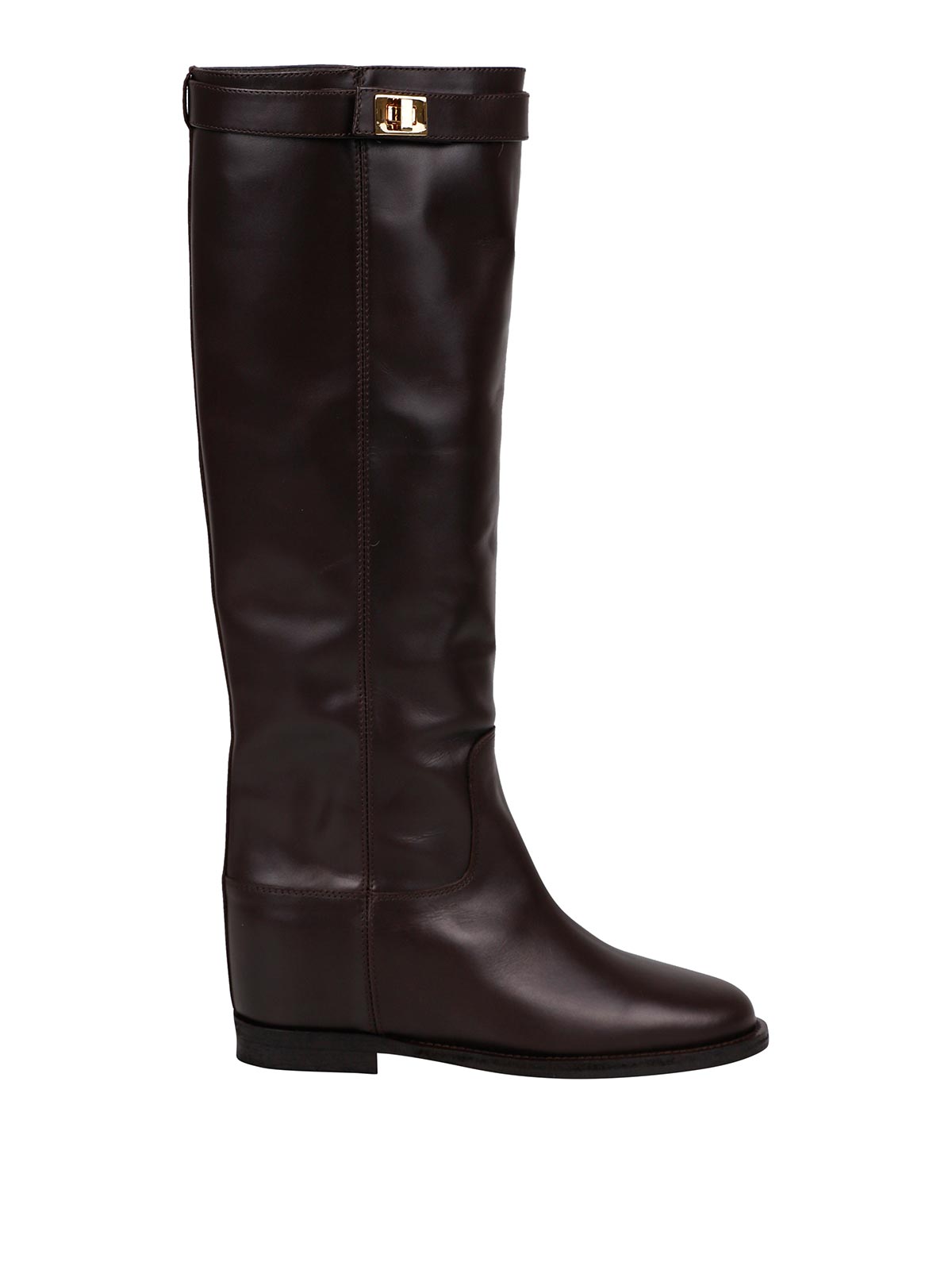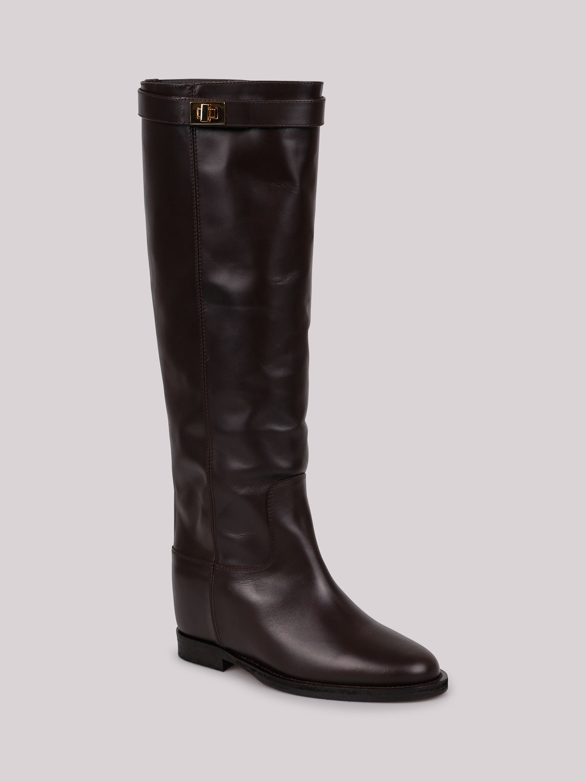 Boots with a Via Roma upper walker, round toe, tone-on-tone stitching, wide and low
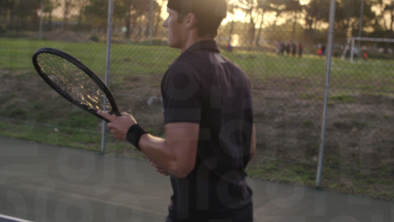 Tennis player practicing forehands from baseline on hardcourt. Sportsman playing a game of tennis on a club hard court.
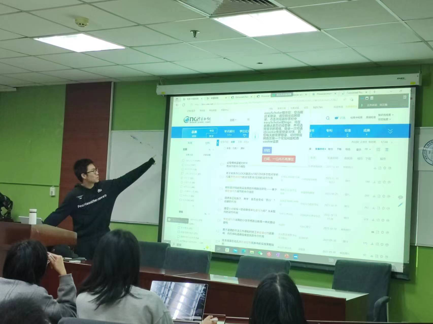 然后,田汉墉针对23级的同学进行了如何查找文献的经验分享。田汉墉先为大家整体地介绍了文献查找方法,之后根据不同类别的文献分别进行了实操演示,为大一的同学们步入科研道路打好基础。
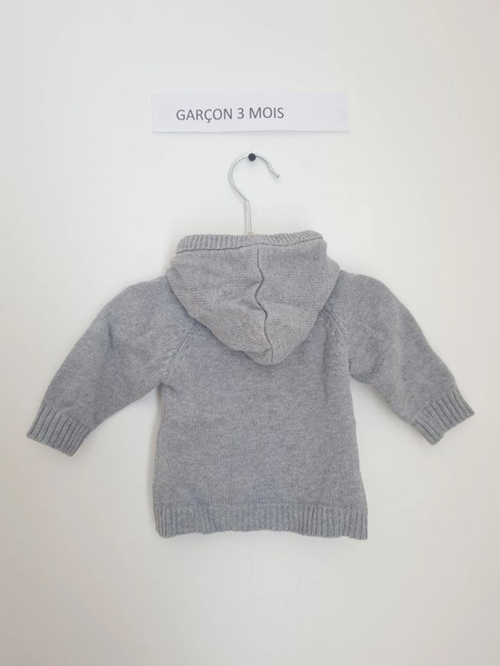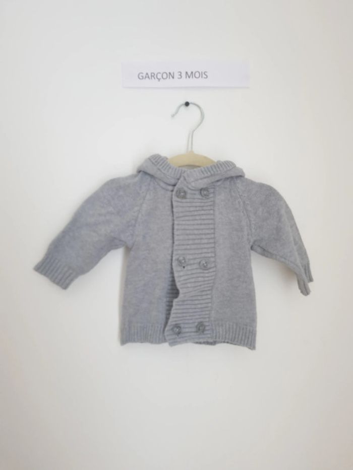 Gilet mixte manches longues Fermeture à l'avant par 2 rangées de boutons gris en maille avec une capuche Marque tape à l'œil 3 mois Porté quelques fois mais en très bon état
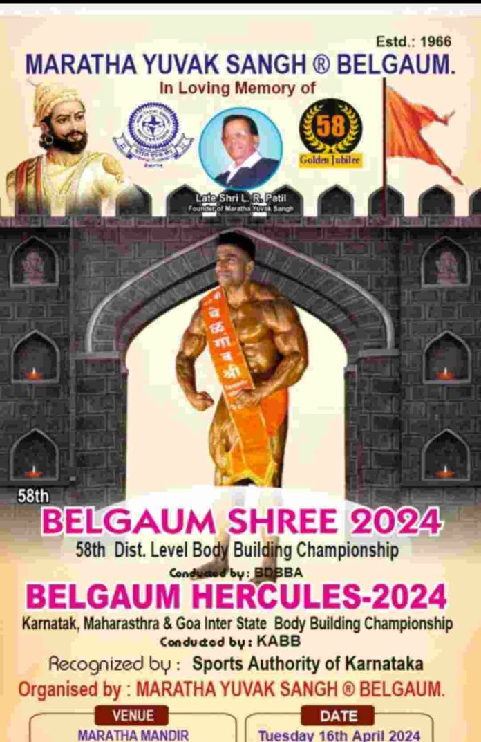 बेळगाव लाईव्ह :मराठा युवक संघ बेळगाव या संघटनेतर्फे केएबीबी आणि बीडीबीबीए यांच्या सहकार्याने येत्या मंगळवार दि. 16 एप्रिल 2024 रोजी दुपारी चार वाजता 58 वी ‘बेळगाव श्री -2024’ या जिल्हा पातळीवरील भव्य शरीर सौष्ठव स्पर्धा, तसेच ‘मि. बेळगाव हर्कुलस -2024’ ही कर्नाटक, महाराष्ट्र व गोवा आंतरराज्य शरीर सौष्ठव स्पर्धा आयोजित करण्यात आली आहे.
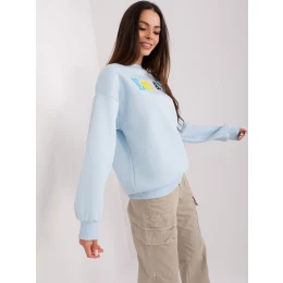 Světle modrá mikina s kapucí a nápisem .
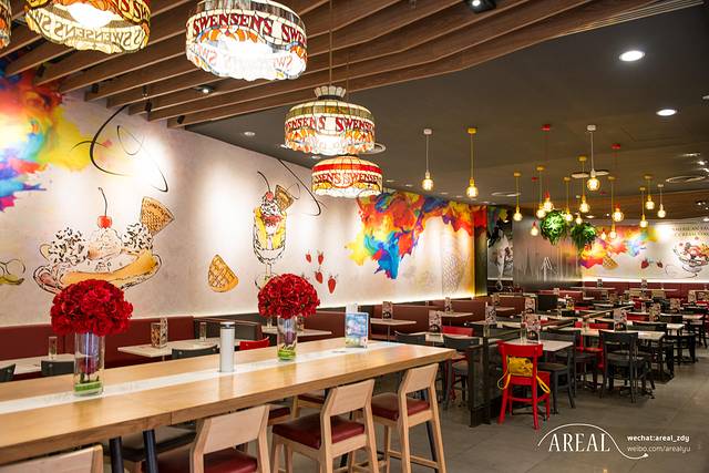 很喜欢店里的环境,明艳而活波的红色主调,点缀彩色悦动的灯饰与墙体,感觉四周流动着冰淇淋的甜蜜,连空气也被渲染。
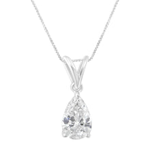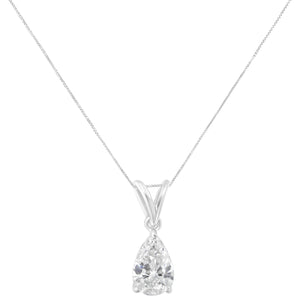 This timeless design features a pear cut diamond hanging from a delicate chain. A classic design to last a lifetime. It is crafted in 10 karat white gold and has a total diamond weight of 1/2 carats.
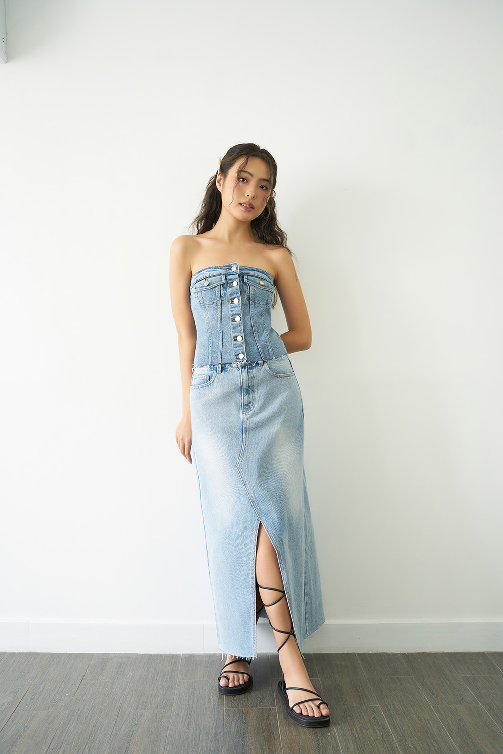 THÔNG TIN SẢN PHẨM DOTTIE - Áo ống vải jeans đắp túi - T0708 - Màu sắc sản phẩm: Xanh đậm - Xanh xám - Chất liệu: Jeans - Ưu điểm : Đứng phom, ít
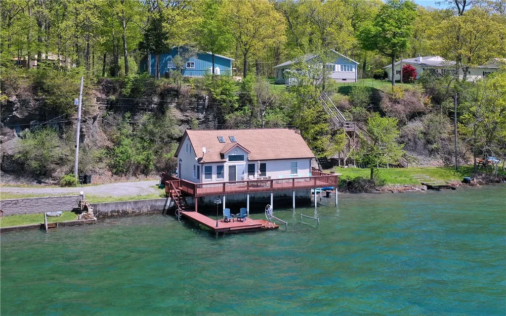 Discover lakeside serenity at 565 Fire Lane 5, King Ferry. Crafted in 1994, this contemporary retreat offers 1,560 sq ft of seamless living, where open-concept design unites kitchen, dining, and living spaces, all framed by breathtaking lake views. Ninety-nine feet of private shoreline invites you to embrace the peaceful rhythm of the water, while a newly constructed wrap-around deck provides the perfect stage for relaxation and gatherings. Featuring two first-floor bedrooms, a full bath, and a versatile loft that can serve as a third bedroom, this home caters to both comfort and flexibility. A full basement with a poured foundation offers abundant storage or expansion potential. Just a convenient 25-minute drive from Ithaca, and with a proven VRBO income of $2,400 per week, this property seamlessly blends tranquil living with lucrative opportunity.

Your objective.
Leaving pictures out, output the lines of the data above from the one with "Světle modrá mikina s kapucí a nápisem ." through the one with "THÔNG TIN SẢN", word for word.

Exercise result.
 Světle modrá mikina s kapucí a nápisem .
 很喜欢店里的环境,明艳而活波的红色主调,点缀彩色悦动的灯饰与墙体,感觉四周流动着冰淇淋的甜蜜,连空气也被渲染。
 This timeless design features a pear cut diamond hanging from a delicate chain. A classic design to last a lifetime. It is crafted in 10 karat white gold and has a total diamond weight of 1/2 carats.
 THÔNG TIN SẢN PHẨM DOTTIE - Áo ống vải jeans đắp túi - T0708 - Màu sắc sản phẩm: Xanh đậm - Xanh xám - Chất liệu: Jeans - Ưu điểm : Đứng phom, ít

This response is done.